(Items listed in a dataset)
----
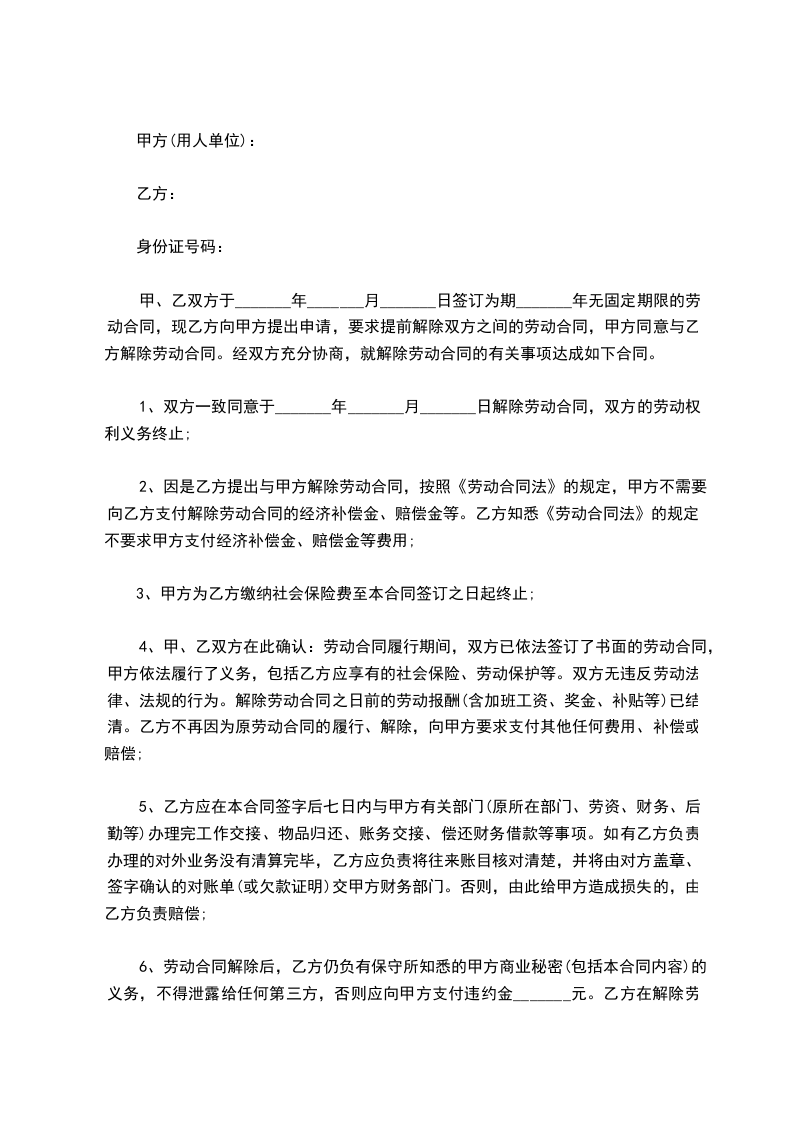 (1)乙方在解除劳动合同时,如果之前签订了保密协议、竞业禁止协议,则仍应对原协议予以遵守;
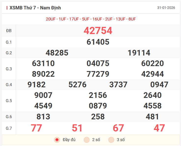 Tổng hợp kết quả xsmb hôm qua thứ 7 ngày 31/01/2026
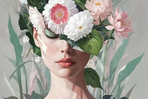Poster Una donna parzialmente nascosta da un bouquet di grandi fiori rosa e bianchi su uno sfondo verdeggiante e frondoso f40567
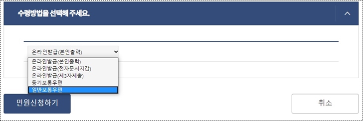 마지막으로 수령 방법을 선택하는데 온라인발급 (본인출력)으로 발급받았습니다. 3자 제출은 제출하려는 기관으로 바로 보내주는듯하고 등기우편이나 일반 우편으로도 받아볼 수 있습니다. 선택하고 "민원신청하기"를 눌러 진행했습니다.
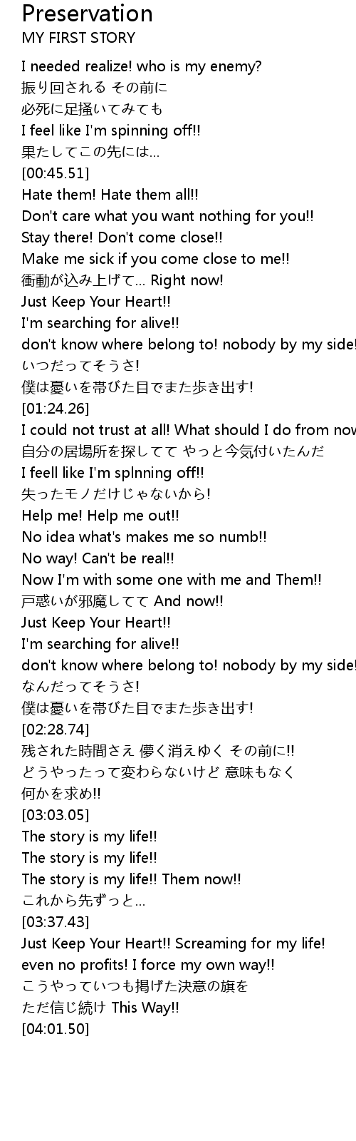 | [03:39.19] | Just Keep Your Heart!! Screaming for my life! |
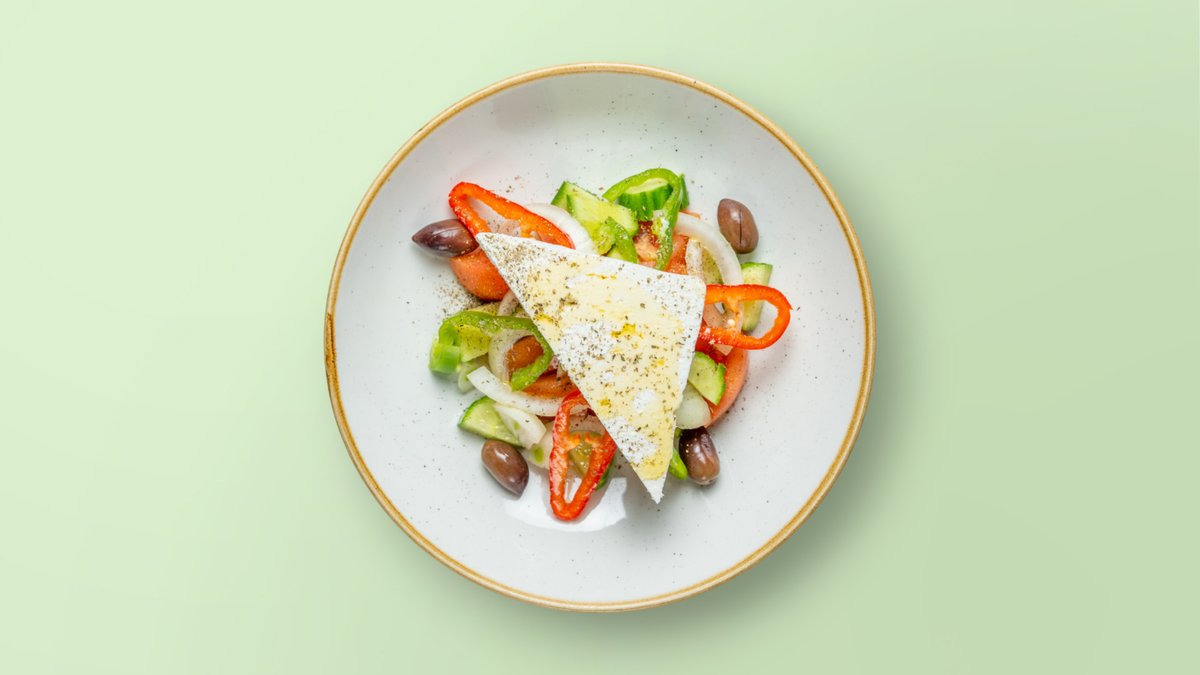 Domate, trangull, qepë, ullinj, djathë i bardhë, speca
----
# [What is needed]
Exclude every picture, then return precisely the lines that run from the line containing "Poster Una donna" through the end of the entries above.

# [Result of this exercise]
Poster Una donna parzialmente nascosta da un bouquet di grandi fiori rosa e bianchi su uno sfondo verdeggiante e frondoso f40567
 마지막으로 수령 방법을 선택하는데 온라인발급 (본인출력)으로 발급받았습니다. 3자 제출은 제출하려는 기관으로 바로 보내주는듯하고 등기우편이나 일반 우편으로도 받아볼 수 있습니다. 선택하고 "민원신청하기"를 눌러 진행했습니다.
 | [03:39.19] | Just Keep Your Heart!! Screaming for my life! |
 Domate, trangull, qepë, ullinj, djathë i bardhë, speca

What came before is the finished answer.